*** Opening of Source data ***

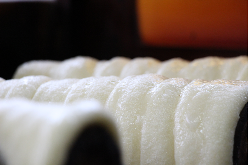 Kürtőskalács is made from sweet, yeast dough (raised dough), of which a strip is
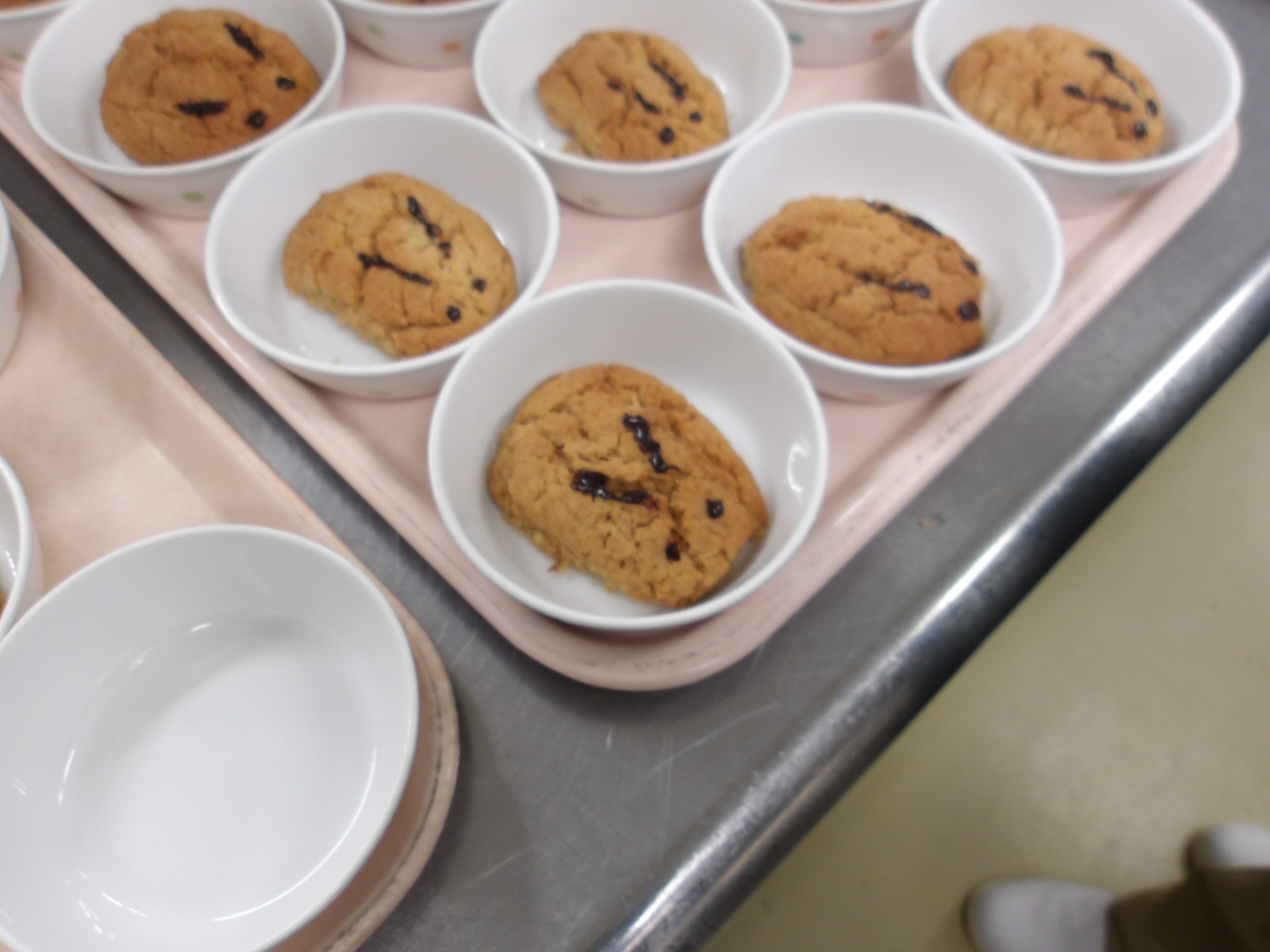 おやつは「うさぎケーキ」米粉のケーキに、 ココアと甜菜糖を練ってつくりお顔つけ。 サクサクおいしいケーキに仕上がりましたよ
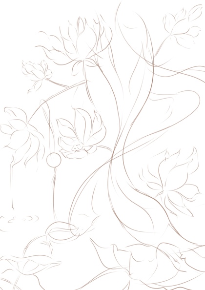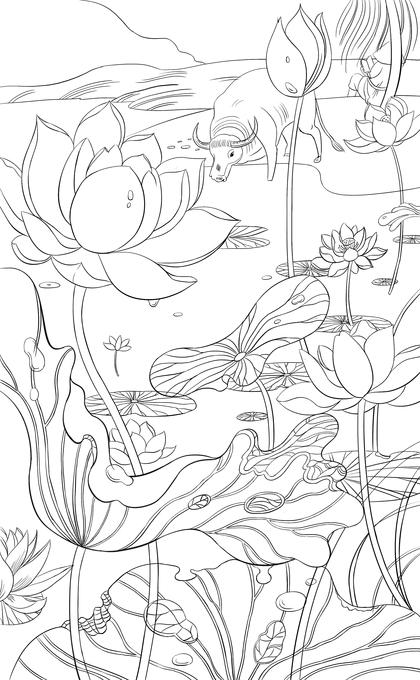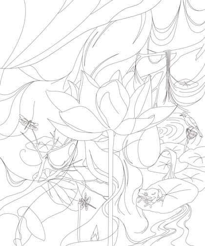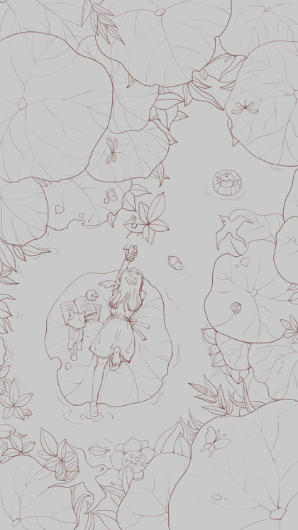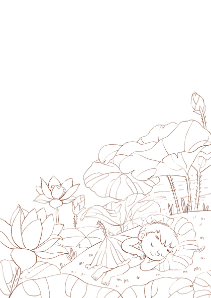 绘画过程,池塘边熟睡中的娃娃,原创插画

*** Close of Source data ***

The data above should be restated exactly, with its images dropped.

▶ [Exercise output]:
 Kürtőskalács is made from sweet, yeast dough (raised dough), of which a strip is
 おやつは「うさぎケーキ」米粉のケーキに、 ココアと甜菜糖を練ってつくりお顔つけ。 サクサクおいしいケーキに仕上がりましたよ
 绘画过程,池塘边熟睡中的娃娃,原创插画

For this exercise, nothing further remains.